───── MATERIALS PROVIDED ─────
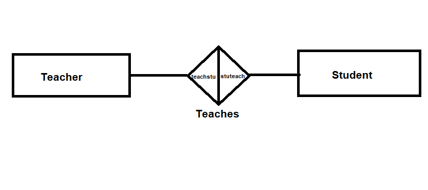 The rhombus is simple a bi-directional arrows pointing to each entity types in the above image. Teacher teaches student and student is taught by the teacher. Individual entity relationship instances are not represented in the ER model, it’s types to types.
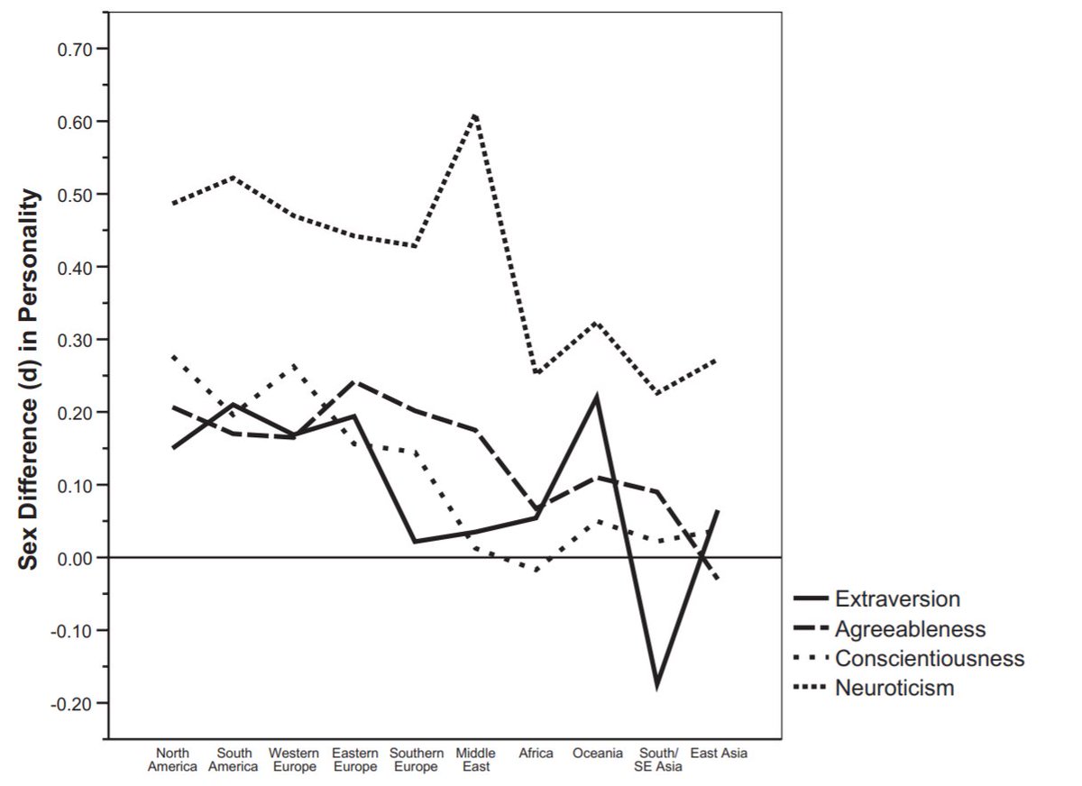 على العكس من ذلك، في المجتمعات الأكثر ازدهارًا ومساواة، تصبح السمات الشخصية للرجال والنساء أقل تشابهًا. علاوة على ذلك ،
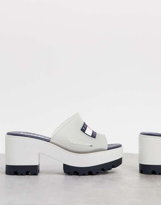 Tommy Hilfiger Leather Chain front Mule Loafers In White Very well made.
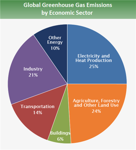 A 2015 graph produced by the IPCC (Intergovernmental Panel on Climate Change) shows what economic sectors worldwide produces the most GHGs, with industry, power production, and agriculture, being the top offenders. (Image credit: IPCC via the EPA)
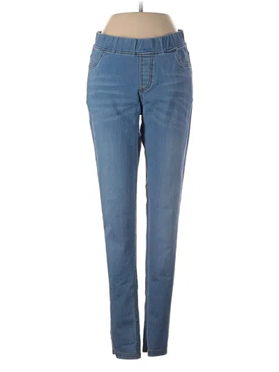 JVINI Jeans, Size: Medium. Item Details: Blue, Solid Pattern, Light Wash, Skinny Leg, Cropped, Harem, Mid/Reg Rise, Women's Bottoms, Cotton/Polyester/Spandex
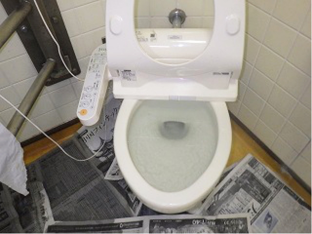 今回のトイレ詰まりの原因は尿取りパットでした。病院や老人施設に多い事案です。
─────
■ WORK REQUEST: Your task is to retype all the entries exactly and leave out any pictures.

■ ANSWER FOR THE TASK:
 The rhombus is simple a bi-directional arrows pointing to each entity types in the above image. Teacher teaches student and student is taught by the teacher. Individual entity relationship instances are not represented in the ER model, it’s types to types.
 على العكس من ذلك، في المجتمعات الأكثر ازدهارًا ومساواة، تصبح السمات الشخصية للرجال والنساء أقل تشابهًا. علاوة على ذلك ،
 Tommy Hilfiger Leather Chain front Mule Loafers In White Very well made.
 A 2015 graph produced by the IPCC (Intergovernmental Panel on Climate Change) shows what economic sectors worldwide produces the most GHGs, with industry, power production, and agriculture, being the top offenders. (Image credit: IPCC via the EPA)
 JVINI Jeans, Size: Medium. Item Details: Blue, Solid Pattern, Light Wash, Skinny Leg, Cropped, Harem, Mid/Reg Rise, Women's Bottoms, Cotton/Polyester/Spandex
 今回のトイレ詰まりの原因は尿取りパットでした。病院や老人施設に多い事案です。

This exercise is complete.